Compensation Committee Interlocks and Insider Participation
The members of the Compensation Committee during 2017 were Dr. Heinemann, Dr. Scoggins, Mr. Trice, Mr. Thacker and Mr. Minarovic (since May 2017). No member of our Compensation Committee was at any time prior to or during 2017, or the first three months of 2018, an officer or employee of our Company. Additionally, no member of the Compensation Committee had any relationship with our Company requiring disclosure as a related-person transaction. During 2017, no executive officer of our Company served on the compensation committee of any other entity that had one or more of its executive officers serving as a member of our Compensation Committee. Furthermore, no executive officer of our Company served on the Compensation Committee of another company that had one of its executive officers serve as a member of our Board.

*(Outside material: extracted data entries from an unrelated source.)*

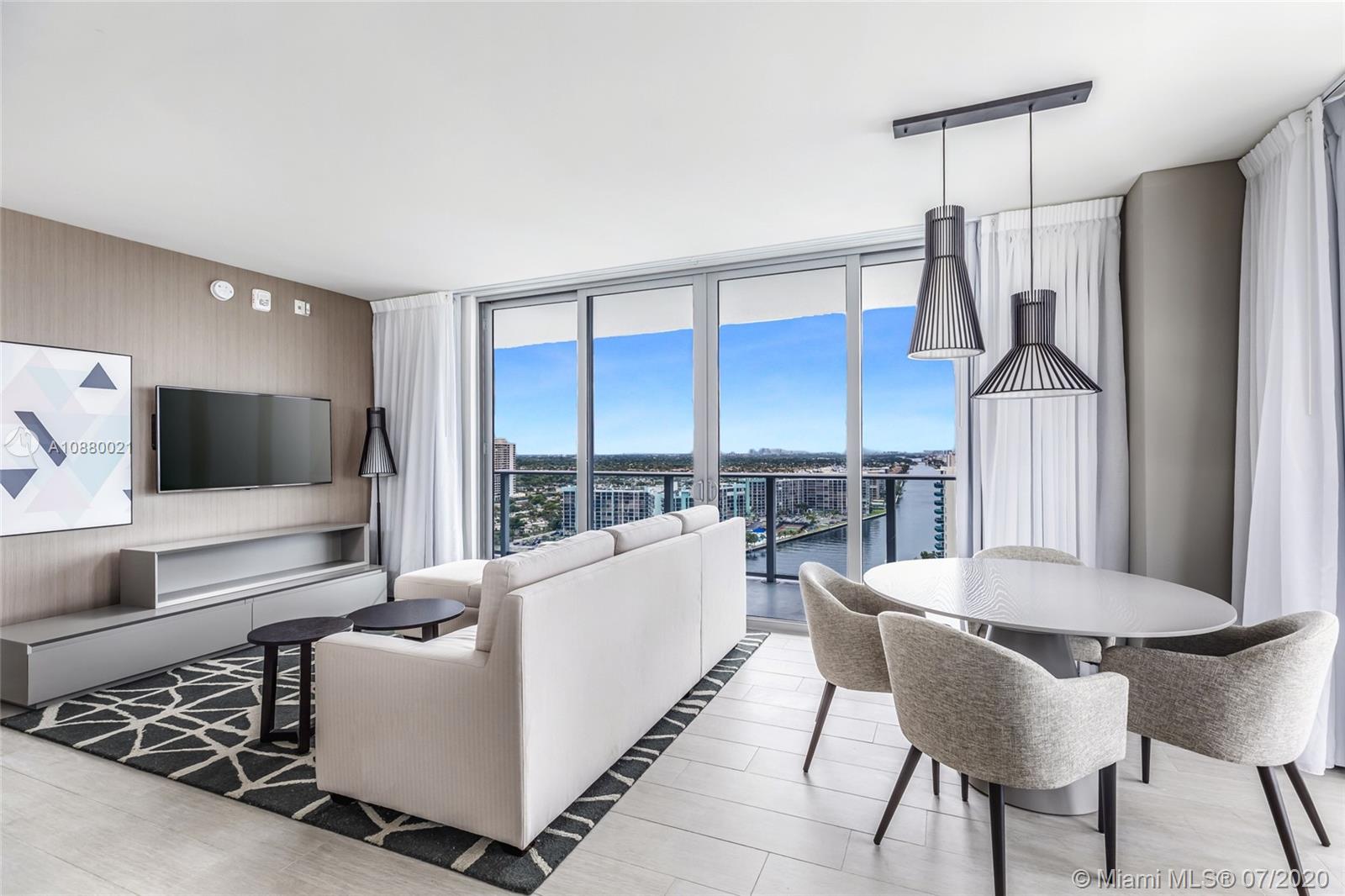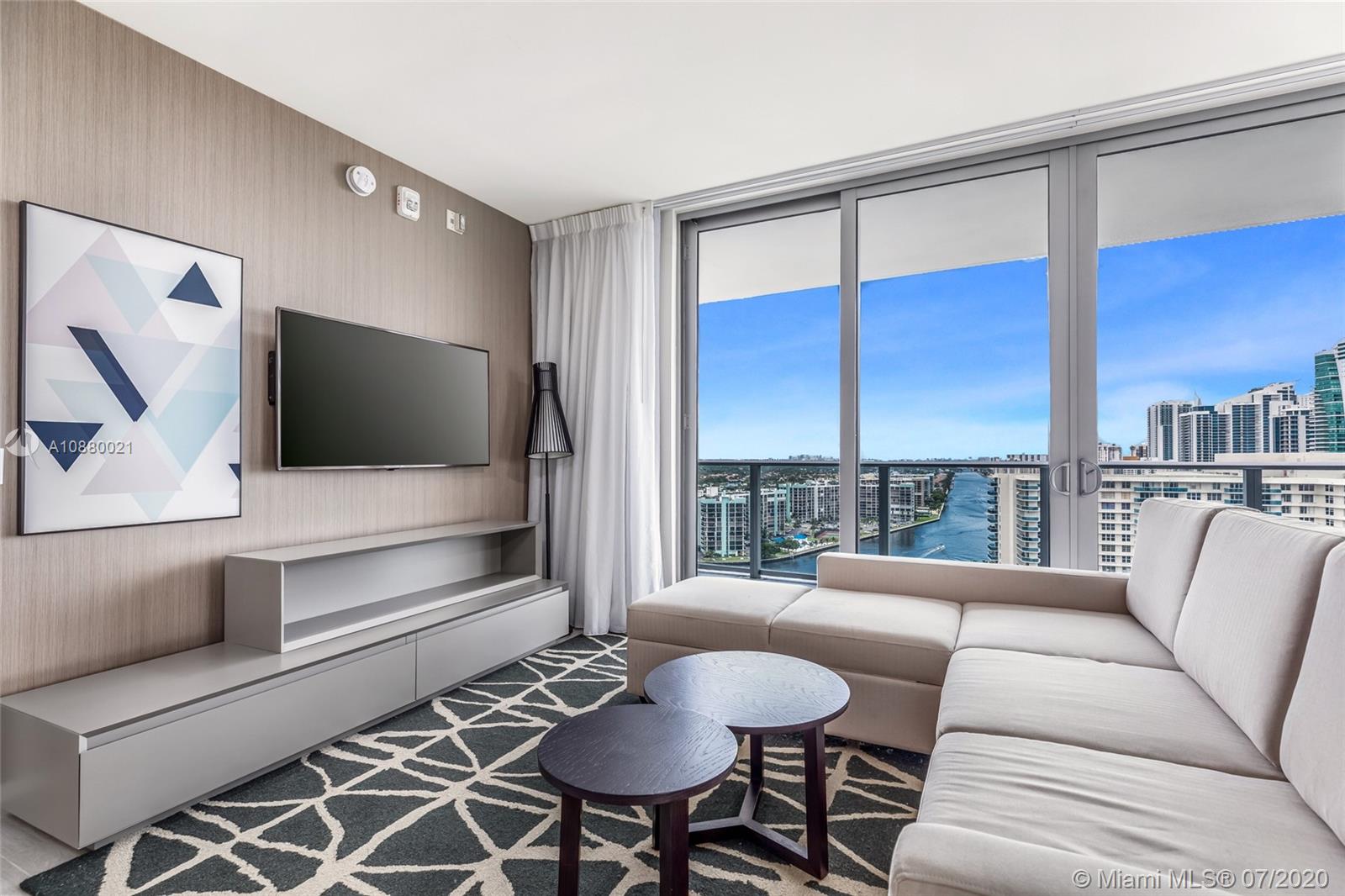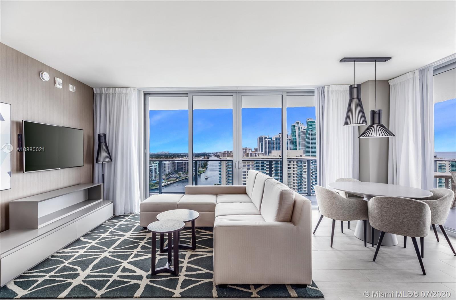 Bright Corner fully furnished condo at Hyde Beach House with Ocean & Intracoastal Views. Hyde a Chic & Modern Hotel, features the most favorable, restriction-free, Hotel Rental program. Enjoy Room Service and Daily Housekeeping. Interior features include a master bedroom & bath with soaking tub and shower, owner’s privacy closet, Tile with a cozy wood-looking floors. European style cabinetry, imported quartz counter tops. Tons of closet space. Designer kitchen w/convenient breakfast bar, appliances. Resort style amenities, VIP access to Beach club across the street, beach & concierge services, restaurants, Spa, Lounge, Sports club (jet skis, paddle, kayaks, etc) bar, roof top lounge, gym, open theater, valet, security, and much more.. EZ to show.
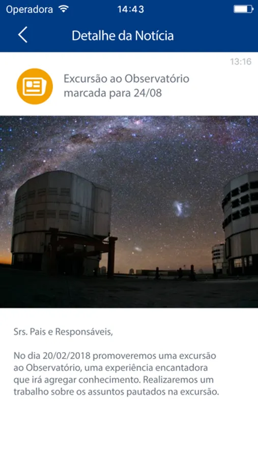 Com este aplicativo, os pais, responsáveis e professores poderão receber as últimas informações da escola, as notícias do dia a dia do seus filhos e o calendário de atividades escolares.
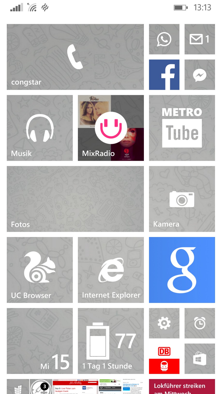 Hör mal, kannst du vielleicht erklären wie du das Zifferblatt als Tile auf den Screen bekommst? :o wenn ich einfach nur die App dran pinne dann ist da keine uhr so wie bei dir.

Communications with Directors
Interested parties may communicate with the full Board, non-management directors as a group or individual directors, by sending a letter in care of the Corporate Secretary at QEP Resources, Inc., 1050 17th Street, Suite 800, Denver, Colorado 80265. Our Corporate Secretary has the authority to discard any solicitations, advertisements or other inappropriate communications, but will forward any other mail to the named director or group of directors.
Attendance at Meetings
The QEP Board and committees of the Board held the following number of meetings in 2017:
Number of Meetings
Each director attended at least 75% of the aggregate of (1) the number of Board meetings held while he or she was a director; and (2) the number of meetings of all committees of the Board held while he or she served as a member of his or her respective committee. Our directors are expected to attend the Annual Meeting. All of the directors attended the 2017 Annual Meeting of Shareholders.
No director or executive officer is related to any other director or executive officer.